SUNY CCC passes unanimous resolution supporting President Mullaney after faculty union’s no confidence vote

Corning Bureau

CORNING, N.Y. (WETM) – SUNY Corning Community College’s Regional Board of Trustees passed a unanimous resolution on Thursday night in support of President Dr. William Mullaney after an overwhelming “no confidence vote” by the faculty’s union.

The resolution states: “The Regional Board of Trustees of SUNY Corning Community College asserts its full support of President William P. Mullaney and its full support of the process that was utilized in determining and implementing the recent termination of several faculty positions.”

“All educational institutions have been faced with significant issues during the past year, and
SUNY CCC is no exception,” said Nancy M. Wightman, Chair of the Regional Board. “Dr. Mullaney has successfully guided our many College constituencies through a myriad of challenges including the onset of and operations during the Covid-19 pandemic. Not only has Dr. Mullaney ensured compliance with State executive orders, SUNY mandates, and federal guidelines, but also he has supported a culture of flexibility, caring, and innovation in support of the entire SUNY CCC community,” Wightman emphasizes.

CCC President is disappointed by no confidence vote

Beyond successfully addressing planning and operations during a time of pandemic, Dr. Mullaney’s larger vision for creating innovative programs, addressing regional workforce needs, and increasing student success are important for the support of our community and our region. Throughout the year, difficult decisions were proposed by Dr. Mullaney and approved by the Trustees to respond to the trend of declining enrollment faced by most community colleges in New York State due to population decline and other factors beyond the control of community colleges. We are confident that the processes used by the College to make these difficult decisions to reduce current and future operating expenses were both thorough and well thought out,” states Chair Wightman on behalf of the Trustees.

Mullaney said that other than an issue about labor, he is unaware of any other problems that the full-time faculty in the union has.

“I haven’t heard anything other than that, so, based on that information and by all indications, this issue about labor is what these folk in the union are unhappy about,” Mullaney said. “Now, if there are others, I am open to hearing those, but as of yet, I haven’t heard of anything else.”

The Union released a list of issues that lead them to vote, no confidence in the president.

Over the course of his time as President of SUNY Corning Community College, Dr. William Mullaney has:

● Overseen the disintegration of morale, confidence, and collegiality among college
employees, to the detriment of our mission;
● Encouraged through his actions and comments a climate of discord among college
employees, seeking in vain to weaken our bonds of friendship and sense of shared
commitment to the future of the College;
● Demonstrated through his actions a special disrespect for the dedication, commitment,
and excellence of the College’s full-time faculty;
● Used faculty terminations and the threat of faculty terminations in failed attempts to
intimidate and bully the faculty;
● Refused to engage with the faculty in good faith discussions around alternatives,
reflecting an underlying disinterest in finding workable alternatives;
● Misrepresented his administration’s engagement with faculty and staff, including
Associate Deans of Instruction, on these issues;
● Failed to investigate the likely ramifications of his plans, choosing not to consult with the
academic departments most directly affected;
● Sabotaged the ability of the College to recruit the best candidates for future openings by
eroding confidence in the College’s commitment to its employees;
● Undermined the Regional Board of Trustees by attacking the meaning and value of its
commitments to College faculty;
● Failed to communicate a positive, compelling, inclusive vision for the future of the
College as a whole, one reflecting our shared values, diversity, and mutual reliance; and
● Failed to represent the College effectively in the communities served by the College,
compromising the relationships at the core of our institution’s mission.

Mullaney said that he has met with faculty and union members in the past, and has not heard or read the complaints that are listed.

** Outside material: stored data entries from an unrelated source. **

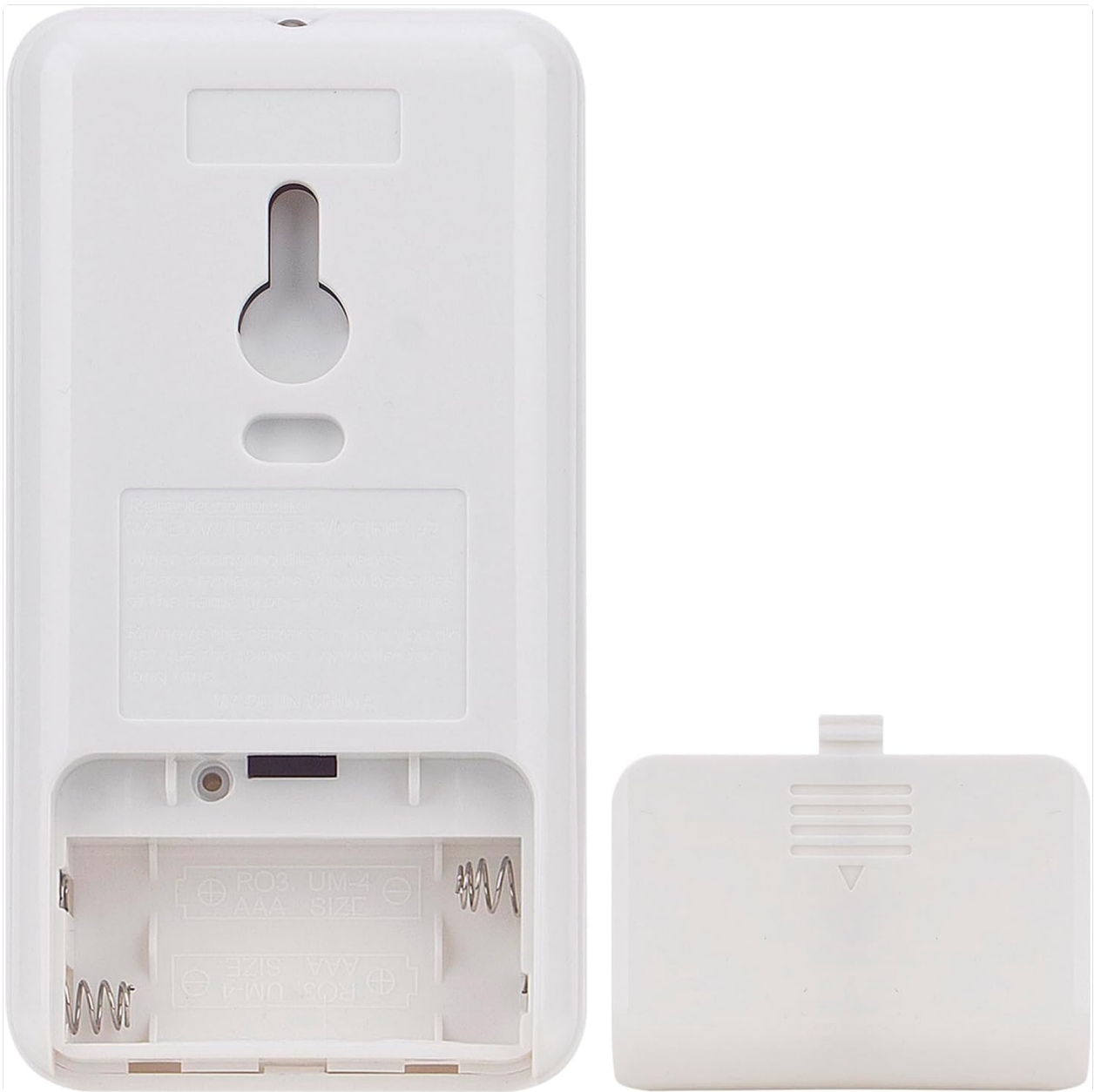
Image: Rear view of the remote control with the battery cover removed, showing the battery slots for two AAA batteries.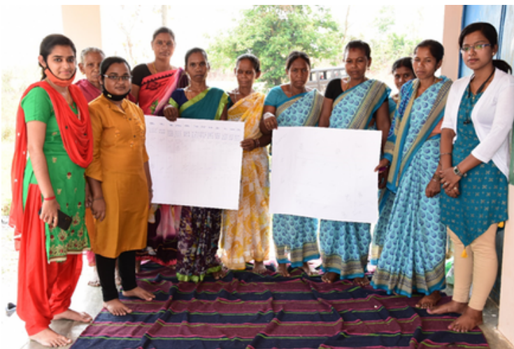
Gender Sensitization at Barlanda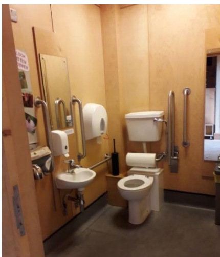
Accessible toilet in the MDC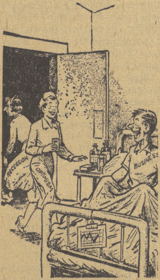
Jensen in The Chicago Daily News

ployment, they probably could never agree on what constitutes high wages.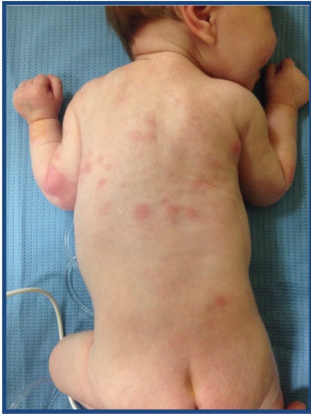
Fig. 2 A 3-week-old infant with lesions of subcutaneous fat necrosis located on the left arm, back, and cheeks.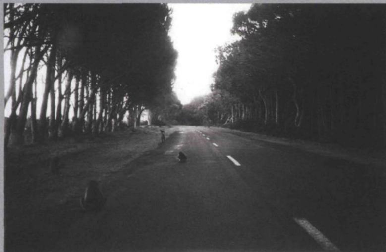
Wolfgang Tillmans, Tiere , 2005, C print, 144,8 x 213,4 cm, Courtesy Andrea Rosen Gallery (New York).

55th Carnegie International Pittsburgh, Pennsylvania, May 3, 2008–January 11, 2009

“I’ve met with Professor Hersha [PECCC Union President] on a regular basis, I attend faculty assembly meetings every month, I attend academic meetings, last month I visited all of the division meetings, I meet with faculty one-on-one, so I stand behind my record in terms of my outreach and availability to work with faculty members.”

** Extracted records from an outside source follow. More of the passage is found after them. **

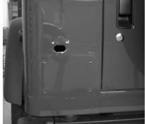
Figure #2 – Remove Tail Light & License Plate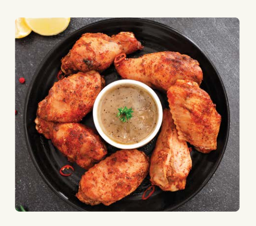
CHICKEN WINGS - PERI PERI

Behold the bold barbeque taste of these tender and juicy wings. As they are oven roasted, they definitely make for a healthier alternative.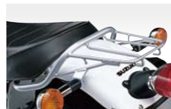
Grab bar / luggage carrier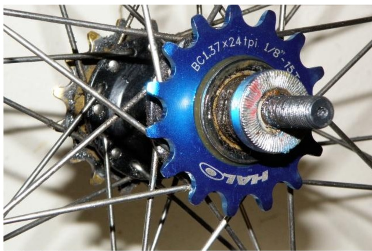
Halo Track Sprocket in situ

Halo's CNC machined track sprockets make perfect companions for production fixed wheelsets thanks to plentiful sizes, bridging the gap between the cheap, poorly machined if functional oval type commonly spotted on converted winter hacks and hand polished exotica costing the lion's share of £60. However, competition is very tight at this end of the market and some specialist brands including EAI offer marginally better detailing for similar money.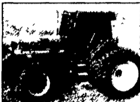
B 18756 1991 CIH 7130 MFD Cab, 6446 Hours, 18 4 x 42 Rear Duals, 172 HP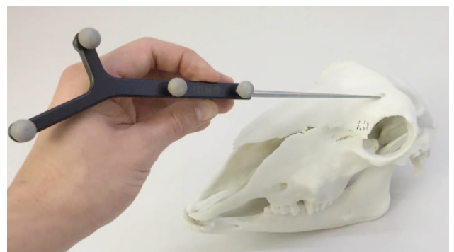
Fig. 2. Passive tool by NDI and the physical model.

Now that the preoperative landmarks are defined and the same points were collected from the physical model, it is possible to perform the point-to-point registration using the ‘Fiducial Registration Wizard’ module. The goal is to match the preoperative landmarks and the points collected intraoperatively. However, the transformation obtained is not sufficient to have a good result of the matching of both models (virtual and physical). The output of this module is the transformation matrix that can transform the landmarks chosen preoperatively into the points collected intraoperatively and to apply it to the model it is necessary to use the ‘Transforms’ module. As it was mentioned on the last section, this transformation as to be performed in a harden way and to do that, the ‘Models’ module is used.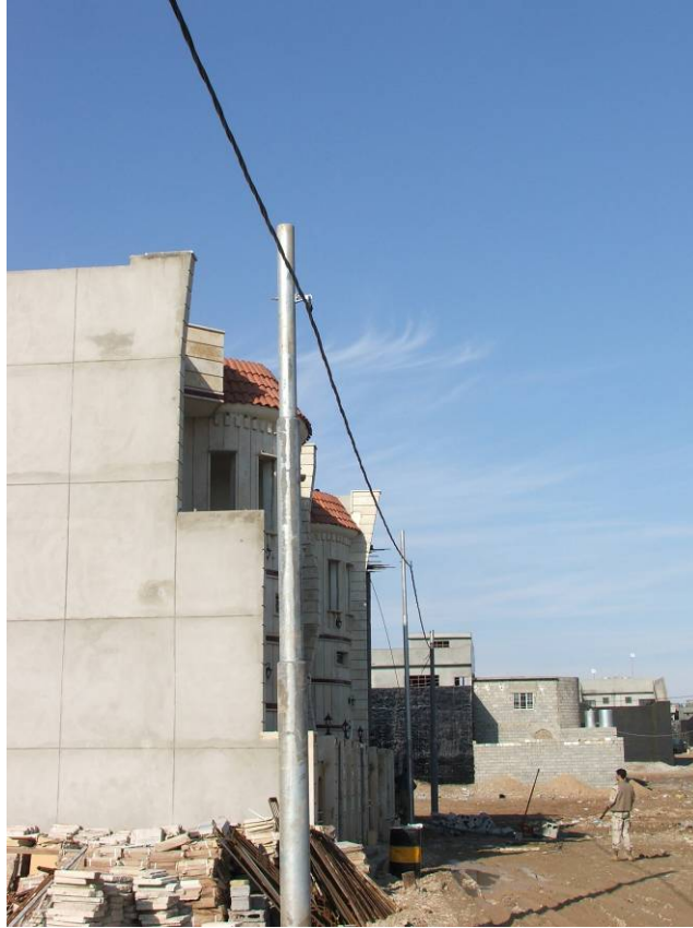
Site Photo 6. ABC line in Hasarok area in Erbil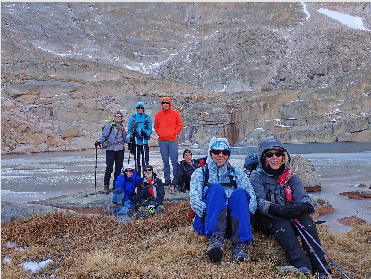
Glacier Gorge RMNP 4 lakes led and pic by Jim Guerra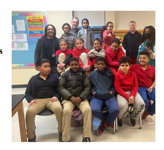
Staff of MASH News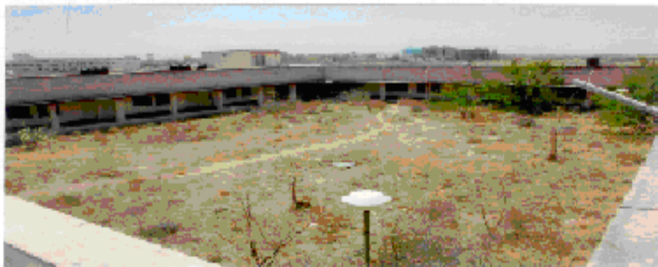
Unutilised Boys Hostel Building (PG) at Medical College, Kota

Thus, investment of ₹ 1.32 crore on construction of the hostel building remained idle since May 2008.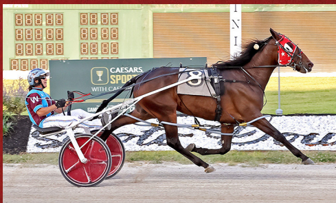
DAISY'S STAR 2-Year-Old Filly Pacing Champion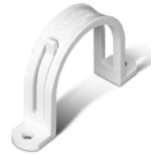
V140 Tubing Strap 2 in. (51 mm) dia.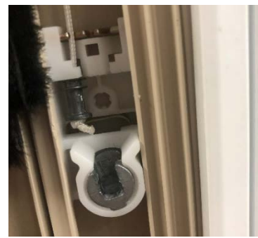
When bobbin is attached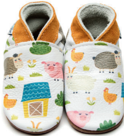
Farmyard Colour: White ID: 4202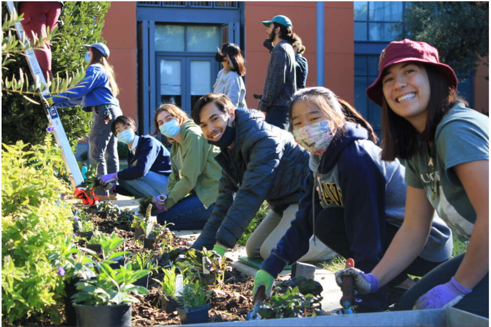
Students plant food crops and pollinator plants in the Good Life Garden in the courtyard of the Robert Mondavi Institute for Wine and Food Science.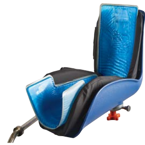
S. Lithotomy Boot Liners

*All products sold individually unless otherwise noted.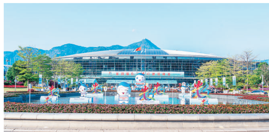
The fourth Digital China Summit was held in Fuzhou, Fujian, this April.

Enterprises will play a leading role in developing digital talents. At the same time, a data driven R&D paradigm will be explored.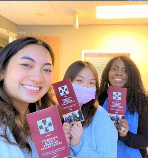
Carle prints our new brochures

The union said that Mullaney, “Used faculty terminations and the threat of faculty terminations in failed attempts to intimidate and bully the faculty,” in the list of reasons why they called this vote. Mullaney said that this does not depict his true character.

“I’ve never been called a bully in my life,” Mullaney said.

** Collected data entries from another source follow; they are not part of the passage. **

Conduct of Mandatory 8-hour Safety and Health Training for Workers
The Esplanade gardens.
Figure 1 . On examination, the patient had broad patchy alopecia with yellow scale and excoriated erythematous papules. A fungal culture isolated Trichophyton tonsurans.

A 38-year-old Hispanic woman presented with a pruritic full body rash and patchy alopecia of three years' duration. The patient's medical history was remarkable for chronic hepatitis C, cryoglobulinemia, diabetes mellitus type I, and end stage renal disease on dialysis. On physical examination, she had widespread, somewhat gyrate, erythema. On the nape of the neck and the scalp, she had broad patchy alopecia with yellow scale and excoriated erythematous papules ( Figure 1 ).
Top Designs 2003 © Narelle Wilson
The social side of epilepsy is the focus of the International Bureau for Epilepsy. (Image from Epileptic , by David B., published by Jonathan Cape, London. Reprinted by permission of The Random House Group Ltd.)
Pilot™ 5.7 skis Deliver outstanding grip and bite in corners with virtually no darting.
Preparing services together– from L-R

The college’s president is not worried that this vote will compromise his position, and he said that the trustees are supporting him.

“I have kept the trustees in the loop from the very beginning,” Mullaney said. “They have been with me every step of the way.”

He said that this has been a challenging year because of COVID and the budget, but he believes that he has been available to hear everyone on campus.

“I stand by my collaborative nature, I stand by my open-door policy, that I meet with anyone at the college, student, staff, faculty member to hear concerns,” Mullaney said.